11. The flat type fluorescent lamp of claim 1, wherein the second substrate includes first and second grooves for respectively receiving the first and second electrodes.

12. The flat type fluorescent lamp of claim 11, wherein the first and second grooves have a depth less than a thickness of the first and second electrodes.

13. A liquid crystal display apparatus comprising:

a backlight assembly for generating a light;

a display unit for receiving the light emitted from the backlight assembly and controlling a liquid crystal to display an image; and

a receiving container for sequentially receiving the backlight assembly and display unit;

wherein the backlight assembly comprises a flat type lamp including a first substrate having a first fluorescent layer; a second substrate disposed parallel with the first substrate; a discharge space formed between the first and second substrates, and containing a discharge material; an electrode part having first and second electrodes parallel to each other for applying a voltage to the discharge space, the first and second electrodes being disposed on the second substrate; a plurality of barrier ribs disposed in the discharge space, the plurality of barrier ribs being perpendicular to the first and second electrodes and lower and upper surfaces of the plurality of barrier ribs respectively contacting an upper surface of the second substrate and a lower surface of the first substrate, the barrier ribs dividing the discharge space into a plurality of discharge areas; a first projection portion extended from the first electrode toward the second electrode by a first length; and a second projection portion extended from the second electrode toward the first electrode by a second length, wherein the first and second projection portions are disposed in corresponding one of the discharge areas.

14. The liquid crystal display apparatus of claim 13, wherein the first projection portion and the second projection portion are disposed between adjacent ones of the barrier ribs, the first and second projection portions being apart from the barrier ribs at a selected distance.

15. The liquid crystal display apparatus of claim 13, further comprising a plurality of first projection portions protruded from the first electrode, and a plurality of second projection portions protruded from the second electrode, the plurality of first and second projection portions being parallel with the plurality of barrier ribs.

16. The liquid crystal display apparatus of claim 15, wherein the plurality of first and second projection portions and the plurality of barrier ribs are alternately disposed.

17. The liquid crystal display apparatus of claim 13, wherein the plurality of barrier ribs are integrally formed on the lower surface of the first substrate such that the barrier ribs are integral protrusions of the first substrate.

18. The liquid crystal display apparatus of claim 17, further comprising a second fluorescent layer formed on entire surface of the plurality of barrier ribs.

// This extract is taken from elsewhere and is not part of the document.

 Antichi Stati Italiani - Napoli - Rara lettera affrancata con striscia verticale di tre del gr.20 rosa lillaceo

19. The liquid crystal display apparatus of claim 13, further comprising a sealing member for sealing side portions of the first and second substrates and isolating the discharge space from a peripheral space thereof.

20. The liquid crystal display apparatus of claim 13, wherein the second substrate includes first and second grooves for respectively receiving the first and second electrodes.

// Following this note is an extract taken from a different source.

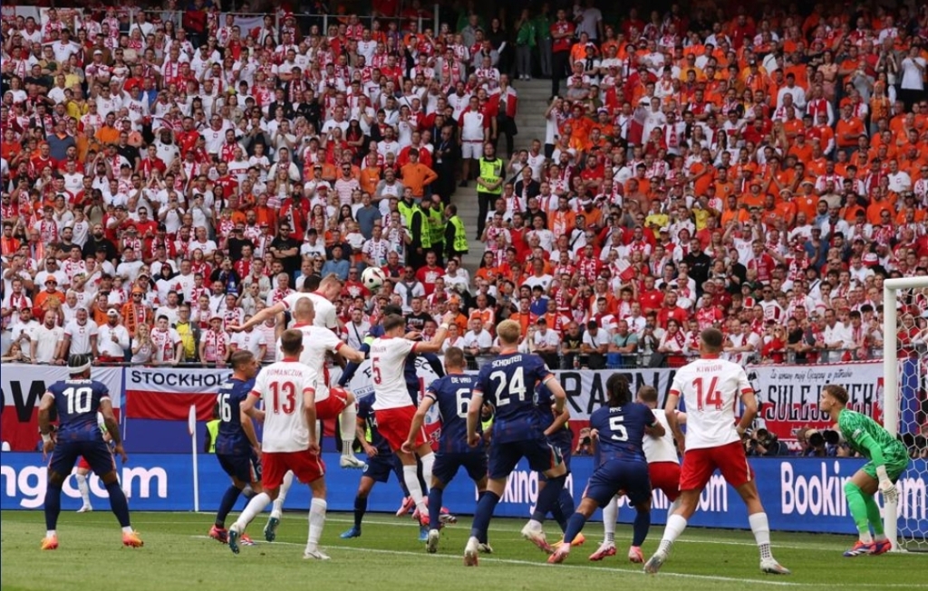 Das Team von Koeman (Niederlande) dominiert seit dem Anfang des Spiels, sie spielen einen kreativen und schnellen Fußball ⚽️. Polen hingegen stellt sich hinten rein und verteidigt recht gut, außerdem kommen sie mit dem körperlichen Spiel der Niederlande klar. Gleich am Anfang kommt Gakpo (Niederlande) zu einem Schuss auf's Tor. In der 16. Minute bekommt Polen einen Eckball, davor konnten sie keine knappen offensiven Aktionen zeigen. Der Eckball wird von Zieliński ausgeführt, und Buksa nickt ein, Tor für die Niederlande! Aus dem Nichts die Führung, nicht wirklich verdient aber der Eckball ist super ausgeführt.

21. The liquid crystal display apparatus of claim 20, wherein the first and second grooves have a depth less than a thickness of the first and second electrodes.

22. The flat type fluorescent lamp of claim 1, wherein the barrier ribs each have an upper surface facing the lower surface of the first substrate, a second fluorescent layer being formed on the upper surface of the respective barrier ribs.

23. The flat type fluorescent lamp of claim 22, wherein the barrier ribs are made of material having light transmissivity.

24. The flat type fluorescent lamp of claim 1, wherein the barrier ribs each have first and second longitudinal end portions adjacent to the first and second electrodes, respectively, the first and second longitudinal end portions being apart from the first and second electrodes, respectively, at a selected distance.